ForeSee, one of Ann Arbor's largest and fastest growing technology companies, hopes that its new tool can provide answers to perplexed marketers.

Larry Freed 1.JPG

ForeSee Results CEO Larry Freed said the company's new tool can help companies measure the sales impact of their social media marketing.

Nathan Bomey | AnnArbor.com

“Most businesses have accepted the marketing value of social media without any real proof points,” ForeSee Results CEO Larry Freed said in a statement. “We can count how many Facebook fans, how many Tweets, how many complaints, and how many people click through ads on social sites, but we haven’t had a way to calculate a tangible return on investment for social media efforts, not to mention other marketing initiatives. Now we can.”

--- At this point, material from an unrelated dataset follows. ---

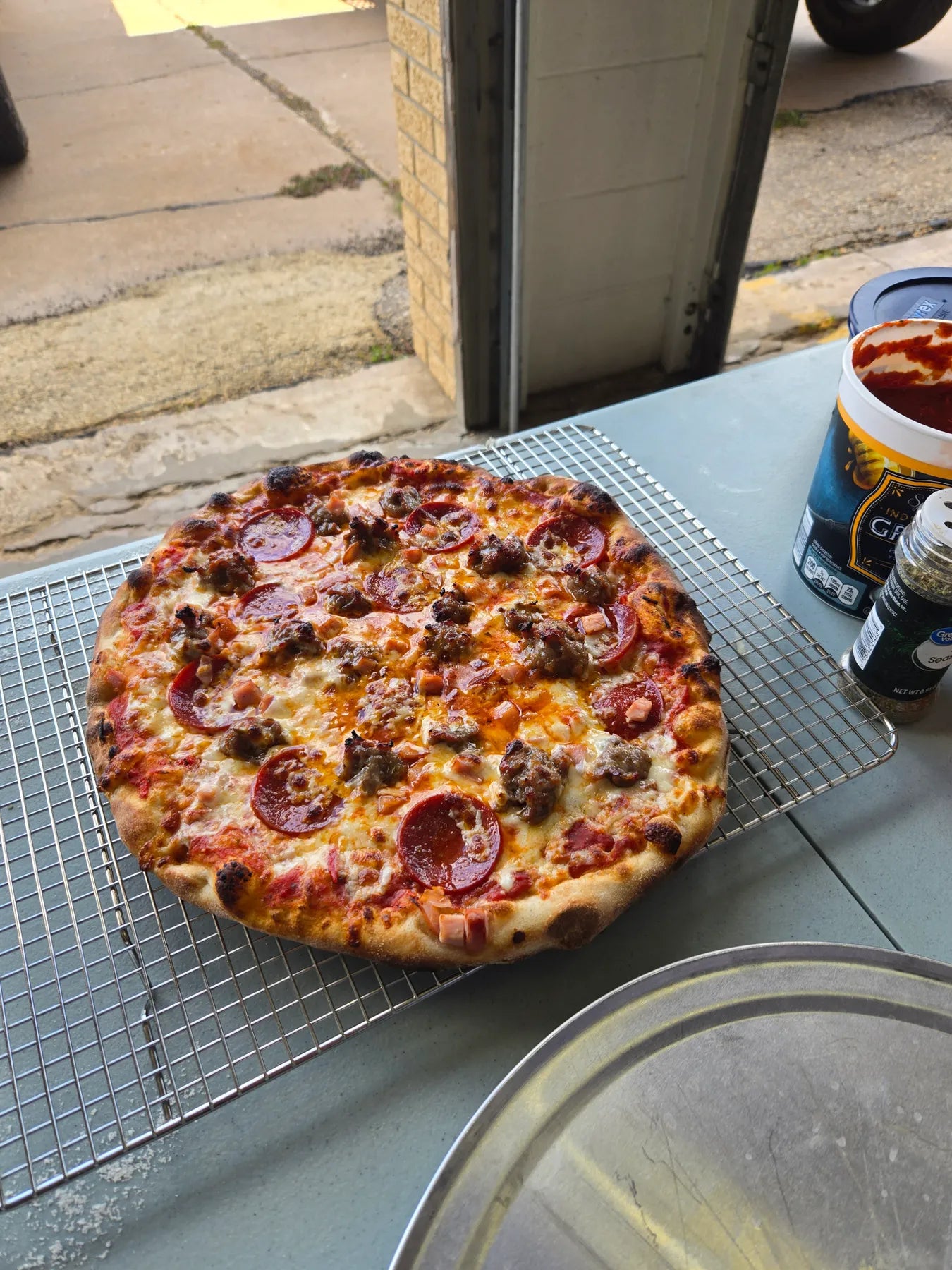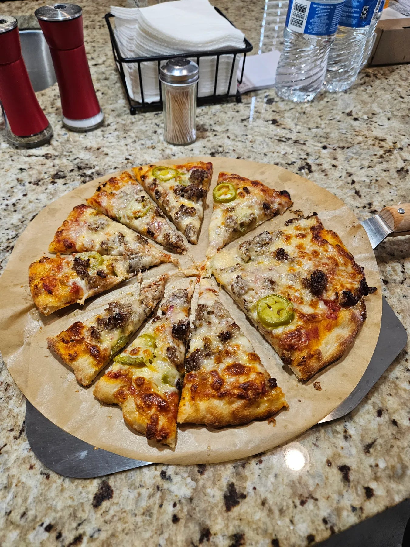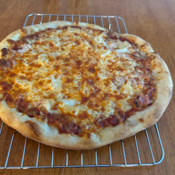 Hand stretch or toss the dough for a 12” or a thin crust 14” pizza.

ForeSee is using customer satisfaction measurement technology originally developed at the University of Michigan.

ForeSee reported that its research shows that the impact of social media varies widely depending on the company:

Some companies are spending millions in advertising their social media presence and staffing a team to oversee it, only to discover that social media is influencing 1 percent of all purchases. Meanwhile, promotional emails have been neglected in favor of social media, and emails are influencing 32 percent of purchases. Other companies are seeing social media as a primary influencer of 5-6% of all revenue with a relatively modest investment.

Those findings underscore the variability of social media marketing, which is still widely uneven among even the largest of corporations.

Nonetheless, ForeSee's technology is well positioned to gain interest as companies plunge more marketing dollars into social media.

In 2009, U.S. companies spent $716 million on social media marketing, according to Forrester Research. But that will rise to $3.1 billion by 2014.

The social media tool adds to an increasingly diverse set of services offered by ForeSee, which conducts about 1 million surveys a month to gauge the satisfaction of visitors to the websites of major clients like Best Buy, Target and the federal government. In 2009, the company introduced a new web metrics service to provide a visual snapshot of a web visitor's experience.

The company, which had about 150 employees in January, expects strong revenue growth this year after experiencing a 32 percent increase in 2009.